2019; Wiley; Volume: 75; Issue: 9 Linguagem: Inglês

10.1107/s2053230x19010902

2053-230X

Sonja Schüssler, Ilka Haase, Markus Perbandt, Boris Illarionov, Alexandra Siemens, Klaus Richter, Adelbert Bacher, Markus Fischer, Tobias Gräwert,

Biochemical and Molecular Research

A putative open reading frame encoding GTP cyclohydrolase I from Listeria monocytogenes was expressed in a recombinant Escherichia coli strain. The recombinant protein was purified and was confirmed to convert GTP to dihydroneopterin triphosphate ( K m = 53 µ M ; v max = 180 nmol mg −1 min −1 ). The protein was crystallized from 1.3 M sodium citrate pH 7.3 and the crystal structure was solved at a resolution of 2.4 Å ( R free = 0.226) by molecular replacement using human GTP cyclohydrolase I as a template.
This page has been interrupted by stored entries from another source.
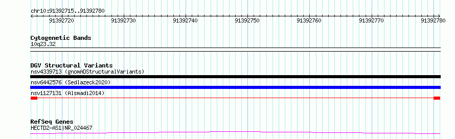 Variant DetailsVariant: nsv1127131| Internal ID | 19285392 | | Landmark | | | Location Information | | | Cytoband | 10q23.32 | | Allele length | | Assembly | Allele length | | hg38 | 66 | | hg19 | 66 |
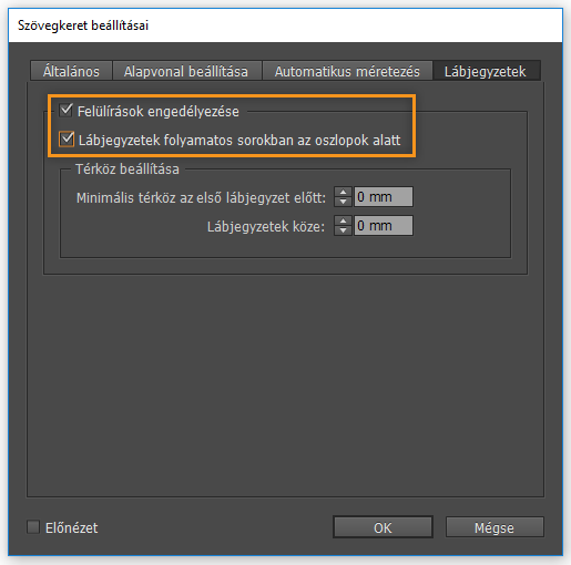 Jelölje be a Felülírások engedélyezése és Lábjegyzetek folyamatos sorokban az oszlopok alatt négyzetet.
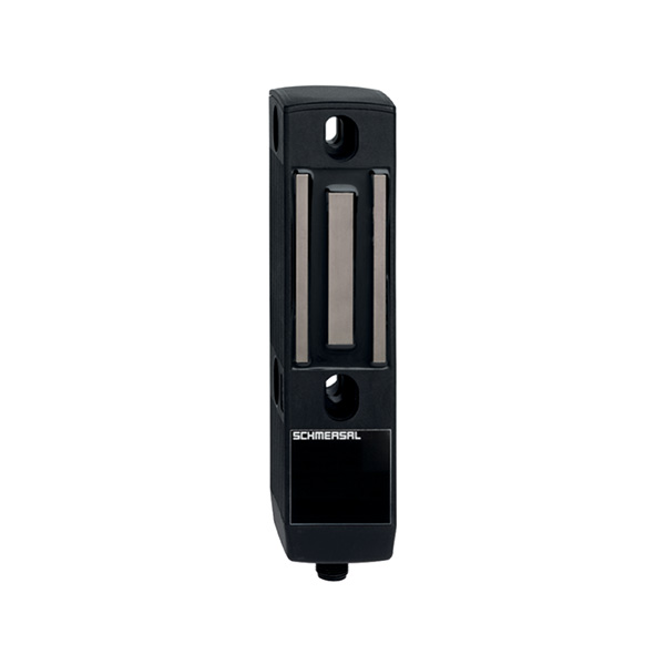 El interruptor de seguridad electrónico con enclavamiento magnético MZM 100 de Schmersal es una solución avanzada para la protección de accesos en entornos industriales. Diseñado para monitorear y bloquear puertas, tapas y resguardos móviles, impide la apertura de accesos mientras exista riesgo operacional. Su funcionamiento se basa en un sensor inductivo sin contacto físico, que detecta el cierre del dispositivo de resguardo y activa el bloqueo magnético. La fuerza de retención puede ajustarse electrónicamente entre 30 y 100 N (versión RE) o mantenerse mediante imán permanente (versión M), garantizando seguridad incluso en caso de falla de energía.
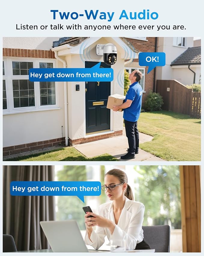 - TWO-WAY AUDIO: Built-in Microphone and Speaker in a security camera system allows to listen and speak through the camera. This feature lets you interact with family, visitors, or deter intruders
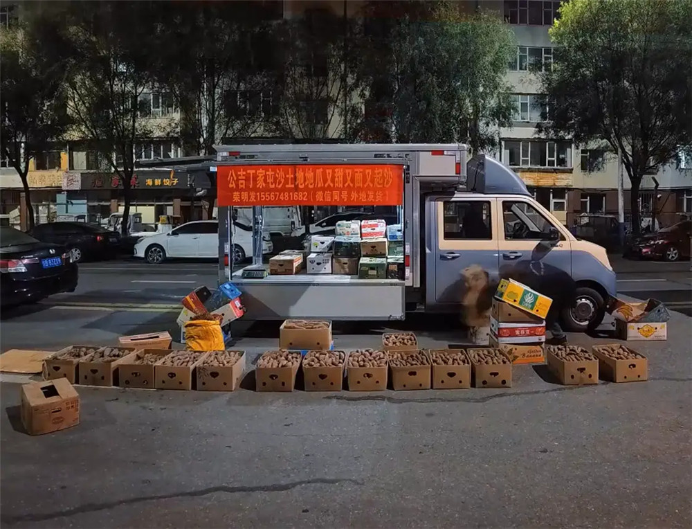 这辆看似普通的货车,却意外成为了早市里的焦点。“老多人问我,哎呀,你整个啥车嘛?”荣明发笑着说,“我说这是货车箱货,他们都不懂。”作为吉林省首台祥菱Q气体机车型,它吸引了不少好奇的目光,也成为了荣明发生意上的得力助手。他不仅卖红薯,还兼职做膨化食品生意,多功能的车辆设计,让他能够灵活应对不同的货物需求,翼展箱体不仅美观,是天然展台,更兼具装卸货等考量。这种多功能性,恰恰契合了中国小商贩多元化经营的实际需求,他们往往不会局限于单一商品,而是随着季节和市场变化灵活调整经营内容。

The protein is a D 5 -symmetric decamer with ten topologically equivalent active sites. Screening a small library of about 9000 compounds afforded several inhibitors with IC 50 values in the low-micromolar range. Several inhibitors had significant selectivity with regard to human GTP cyclohydrolase I. Hence, GTP cyclohydrolase I may be a potential target for novel drugs directed at microbial infections, including listeriosis, a rare disease with high mortality.